Looking for an article on BP and Schizophrenia spectrum Scale or Continuum

I read an article in the last year on a somewhat radical idea of a scale or Continuum between Unipolar Depression, Bipolar 2, Bipolar 1, Schizoaffective, Schizophrenic.

It basically said that DSM categories are artificial and people don’t fit into neat categories. They may have some characteristics but not others.

For example, I was initially treated for Major Depression and Anxiety Disorder with SSRI’s. Since one of my symptoms was being EXTREMELY wired and unable to sleep for 3 months (torture) as well as having Depression, (feelings of self loathing, thinking I would be better of dead, thinking I was a burden on my family.)
I also had a really bad reaction to one of the SSRI’s where my anxiety and wired feeling went through the roof. My new Psych Doc diagnosed me with Bipolar 2, even though I DON’T have a lot of the symptoms (grandiosity, anger or irritability at other people.) He weaned me off SSRI’s and put me on a mood stabilizer. (I have also been on relatively low dose of Seroquel for sleep since my hospitalization 5 years ago, which I am continuing.)

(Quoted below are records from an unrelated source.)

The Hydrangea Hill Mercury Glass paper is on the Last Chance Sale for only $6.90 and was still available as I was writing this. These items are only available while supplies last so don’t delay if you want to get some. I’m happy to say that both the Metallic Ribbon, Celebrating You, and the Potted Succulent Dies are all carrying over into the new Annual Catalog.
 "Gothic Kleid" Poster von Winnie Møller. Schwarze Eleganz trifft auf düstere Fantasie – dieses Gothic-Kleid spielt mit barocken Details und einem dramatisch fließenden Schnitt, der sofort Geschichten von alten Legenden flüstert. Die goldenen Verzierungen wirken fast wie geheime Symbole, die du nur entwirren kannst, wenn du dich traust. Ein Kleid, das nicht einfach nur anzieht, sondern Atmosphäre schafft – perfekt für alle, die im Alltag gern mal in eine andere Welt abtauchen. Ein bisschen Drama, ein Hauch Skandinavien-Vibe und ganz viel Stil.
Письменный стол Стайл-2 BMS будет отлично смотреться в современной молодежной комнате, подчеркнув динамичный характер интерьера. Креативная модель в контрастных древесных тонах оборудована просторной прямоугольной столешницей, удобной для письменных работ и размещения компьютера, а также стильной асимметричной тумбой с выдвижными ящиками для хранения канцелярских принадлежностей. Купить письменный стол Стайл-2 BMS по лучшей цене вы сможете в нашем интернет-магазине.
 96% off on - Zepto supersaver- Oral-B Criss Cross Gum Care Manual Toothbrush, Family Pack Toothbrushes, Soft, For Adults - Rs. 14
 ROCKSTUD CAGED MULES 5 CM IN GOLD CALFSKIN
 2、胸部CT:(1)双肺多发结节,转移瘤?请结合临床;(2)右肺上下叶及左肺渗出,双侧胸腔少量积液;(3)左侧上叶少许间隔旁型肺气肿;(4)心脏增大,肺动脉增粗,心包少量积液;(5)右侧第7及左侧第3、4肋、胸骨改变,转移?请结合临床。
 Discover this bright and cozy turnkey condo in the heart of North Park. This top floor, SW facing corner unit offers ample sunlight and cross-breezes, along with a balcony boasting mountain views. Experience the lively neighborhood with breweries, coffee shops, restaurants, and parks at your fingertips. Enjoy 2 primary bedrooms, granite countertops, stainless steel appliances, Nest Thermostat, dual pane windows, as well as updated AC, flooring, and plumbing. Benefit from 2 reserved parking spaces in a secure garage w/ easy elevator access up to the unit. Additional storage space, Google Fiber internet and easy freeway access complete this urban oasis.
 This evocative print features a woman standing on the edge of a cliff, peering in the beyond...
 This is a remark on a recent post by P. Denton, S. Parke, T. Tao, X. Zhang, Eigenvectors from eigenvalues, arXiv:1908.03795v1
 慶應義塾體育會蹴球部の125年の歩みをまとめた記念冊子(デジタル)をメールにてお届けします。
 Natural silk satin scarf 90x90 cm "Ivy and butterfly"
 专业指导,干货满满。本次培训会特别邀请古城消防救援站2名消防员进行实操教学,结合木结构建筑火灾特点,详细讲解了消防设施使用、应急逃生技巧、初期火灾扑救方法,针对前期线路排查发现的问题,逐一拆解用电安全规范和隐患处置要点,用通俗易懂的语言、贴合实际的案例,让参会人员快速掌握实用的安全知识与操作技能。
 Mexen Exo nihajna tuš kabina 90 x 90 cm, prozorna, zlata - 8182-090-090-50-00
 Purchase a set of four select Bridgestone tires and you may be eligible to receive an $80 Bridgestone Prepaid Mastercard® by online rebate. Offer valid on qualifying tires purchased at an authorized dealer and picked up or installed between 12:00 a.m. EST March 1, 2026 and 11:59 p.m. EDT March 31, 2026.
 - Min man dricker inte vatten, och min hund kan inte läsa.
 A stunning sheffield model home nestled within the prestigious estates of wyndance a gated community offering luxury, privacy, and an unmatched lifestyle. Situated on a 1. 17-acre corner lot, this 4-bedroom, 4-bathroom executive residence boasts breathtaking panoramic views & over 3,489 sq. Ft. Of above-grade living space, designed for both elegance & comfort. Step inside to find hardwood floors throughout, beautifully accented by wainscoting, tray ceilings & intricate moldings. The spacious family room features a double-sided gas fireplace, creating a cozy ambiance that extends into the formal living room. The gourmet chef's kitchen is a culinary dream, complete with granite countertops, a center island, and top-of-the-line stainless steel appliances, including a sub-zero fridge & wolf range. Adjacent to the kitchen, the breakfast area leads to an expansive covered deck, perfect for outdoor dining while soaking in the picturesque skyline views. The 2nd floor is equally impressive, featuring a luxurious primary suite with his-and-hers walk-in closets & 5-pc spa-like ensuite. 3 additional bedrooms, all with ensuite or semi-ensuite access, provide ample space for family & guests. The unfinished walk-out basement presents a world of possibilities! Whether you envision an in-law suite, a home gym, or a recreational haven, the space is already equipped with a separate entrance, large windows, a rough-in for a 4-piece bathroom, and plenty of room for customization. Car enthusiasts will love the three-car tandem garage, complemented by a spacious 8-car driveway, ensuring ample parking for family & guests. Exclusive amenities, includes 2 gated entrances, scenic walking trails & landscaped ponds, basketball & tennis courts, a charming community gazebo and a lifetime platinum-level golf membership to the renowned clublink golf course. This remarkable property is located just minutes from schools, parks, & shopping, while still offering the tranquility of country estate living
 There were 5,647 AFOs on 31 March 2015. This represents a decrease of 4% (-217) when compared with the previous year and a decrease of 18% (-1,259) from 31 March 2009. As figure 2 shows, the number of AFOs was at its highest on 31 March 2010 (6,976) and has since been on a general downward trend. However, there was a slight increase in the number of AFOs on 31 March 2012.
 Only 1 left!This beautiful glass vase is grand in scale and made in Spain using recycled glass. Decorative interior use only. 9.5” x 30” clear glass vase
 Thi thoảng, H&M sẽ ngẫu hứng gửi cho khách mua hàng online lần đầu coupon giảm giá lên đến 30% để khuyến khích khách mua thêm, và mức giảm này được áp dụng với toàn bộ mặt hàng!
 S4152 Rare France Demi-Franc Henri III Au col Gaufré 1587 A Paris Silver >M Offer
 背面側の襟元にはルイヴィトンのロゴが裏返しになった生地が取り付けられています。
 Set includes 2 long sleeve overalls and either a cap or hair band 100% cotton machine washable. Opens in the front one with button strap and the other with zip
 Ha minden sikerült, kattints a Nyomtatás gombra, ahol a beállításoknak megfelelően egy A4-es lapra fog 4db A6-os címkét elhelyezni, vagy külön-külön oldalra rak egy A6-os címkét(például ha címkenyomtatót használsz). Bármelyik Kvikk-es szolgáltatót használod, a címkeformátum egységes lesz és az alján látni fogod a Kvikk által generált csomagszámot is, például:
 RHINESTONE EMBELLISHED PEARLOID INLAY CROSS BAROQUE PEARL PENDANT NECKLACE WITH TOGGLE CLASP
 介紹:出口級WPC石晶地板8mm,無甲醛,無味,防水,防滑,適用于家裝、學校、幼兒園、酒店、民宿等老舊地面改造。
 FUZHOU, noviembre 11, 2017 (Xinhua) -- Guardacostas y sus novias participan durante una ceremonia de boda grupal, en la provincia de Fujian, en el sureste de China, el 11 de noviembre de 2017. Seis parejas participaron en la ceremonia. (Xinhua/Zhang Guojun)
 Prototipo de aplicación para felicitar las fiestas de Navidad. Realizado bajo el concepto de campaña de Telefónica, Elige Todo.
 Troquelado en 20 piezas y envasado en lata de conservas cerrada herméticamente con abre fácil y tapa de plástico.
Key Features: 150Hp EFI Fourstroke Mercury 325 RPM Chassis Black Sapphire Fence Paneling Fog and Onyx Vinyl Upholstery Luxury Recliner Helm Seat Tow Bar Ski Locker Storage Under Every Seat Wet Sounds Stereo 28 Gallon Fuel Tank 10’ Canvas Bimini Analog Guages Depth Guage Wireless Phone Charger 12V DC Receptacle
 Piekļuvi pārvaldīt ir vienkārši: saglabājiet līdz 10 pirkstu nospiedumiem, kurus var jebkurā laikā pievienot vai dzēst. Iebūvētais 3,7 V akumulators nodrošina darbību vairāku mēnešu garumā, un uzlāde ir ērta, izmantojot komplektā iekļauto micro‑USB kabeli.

My son exhibits some symptoms of ultra rapid-cycling mood swings (within the same day), depression (manifesting as anger) grandiosity, and Schizophrenia (auditory hallucinations come and go, vague hallucinations come and go, decreased executive functioning: impaired ability to organize, follow through on plans and inability to make a decision and stick to it.)

This article describes a continuum between all of these “Diagnoses.” I have tried Googling Bipolar/Schizophrenia scale, spectrum and continuum, but cannot find it.

Anyone remember reading anything like this?

You might want to look at various debates and comments prior to DSM 5 coming out. I was following it, because there was a faction that wanted to get rid of the SZA diagnosis altogether.

I’ve said this before, but it bears repeating. Don’t get too tied up on fitting diagnosis categories perfectly. Every brain is different, personality-wise, cognitive thinking style-wise, brain chemistry-wise, experience and neural network-wise. No one expression of a mental illness will be the same, even in the same family. There’s been talk of a spectrum of SZ and bipolar disorder for years. Some say that schizophrenia is actually a plurality of multiple schizophrenia’s. Unless you are a researcher or a psychiatrist, I think you are more likely to be confused by all this debate than illuminated.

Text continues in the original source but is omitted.